BC Hydro, a state-owned electric utility provider in the Canadian province of British Columbia, has paused new electricity connection requests from cryptocurrency miners for 18 months “to support the province’s climate action and economic goals.”

“Cryptocurrency mining consumes massive amounts of electricity to run and cool banks of high-powered computers 24/7/365, while creating very few jobs in the local economy,” Minister of Energy, Mines and Low Carbon Innovation Josie Osborne said in a media release Wednesday.

The suspension would target cryptocurrency miners who have yet to connect to the grid and those that were in the early stages of getting hooked up.

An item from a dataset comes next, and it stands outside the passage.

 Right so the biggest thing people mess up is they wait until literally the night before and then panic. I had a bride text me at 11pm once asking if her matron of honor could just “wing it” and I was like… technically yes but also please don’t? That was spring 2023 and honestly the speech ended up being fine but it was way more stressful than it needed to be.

Existing Bitcoin mining operators and those who are “well advanced in the BC Hydro’s connection process” would not be affected.

Environmentalists have criticized Bitcoin for its energy expenditures, with many comparing the network’s consumption to that of entire countries.

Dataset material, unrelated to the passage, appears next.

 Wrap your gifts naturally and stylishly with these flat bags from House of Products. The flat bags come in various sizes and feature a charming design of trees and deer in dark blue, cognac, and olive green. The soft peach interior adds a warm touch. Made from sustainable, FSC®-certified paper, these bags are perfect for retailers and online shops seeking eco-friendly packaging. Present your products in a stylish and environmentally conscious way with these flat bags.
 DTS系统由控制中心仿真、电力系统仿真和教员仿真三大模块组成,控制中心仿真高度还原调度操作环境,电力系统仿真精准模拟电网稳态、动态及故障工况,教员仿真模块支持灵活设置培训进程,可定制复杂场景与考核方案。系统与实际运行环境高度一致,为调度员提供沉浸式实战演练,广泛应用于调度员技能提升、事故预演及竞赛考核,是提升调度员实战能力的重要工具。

The Bitcoin network relies on the Proof-of-Work (PoW) consensus algorithm, which requires plenty of energy as Bitcoin miners compete to crack cryptographic puzzles and keep the blockchain secure while earning rewards for their efforts.

Enough energy to power 570,000 homes

According to the Canada Energy Regulator, about 87% of British Columbia’s electricity is generated by hydropower, which has attracted “unprecedented interest” from crypto miners, according to the province’s government.

The ministry said BC Hydro is currently serving seven crypto-mining operations and has six in the advanced stages of connection, totaling 273 megawatts of power.

Additionally, the province is facing requests from 21 projects with a projected power usage of 1,403 megawatts—enough energy to power 570,000 homes or 2.1 million electric vehicles for a year. All of these requests will now be suspended.

The decision follows a similar move by the province of Manitoba last month in response to concerns that cryptocurrency operations have a high environmental toll by pulling in massive amounts of electricity with little economic payoff.

Hydro-Quebec looks to follow the same avenue, too, asking the provincial regulator at the beginning of November to suspend the energy allocation process to cryptocurrency miners.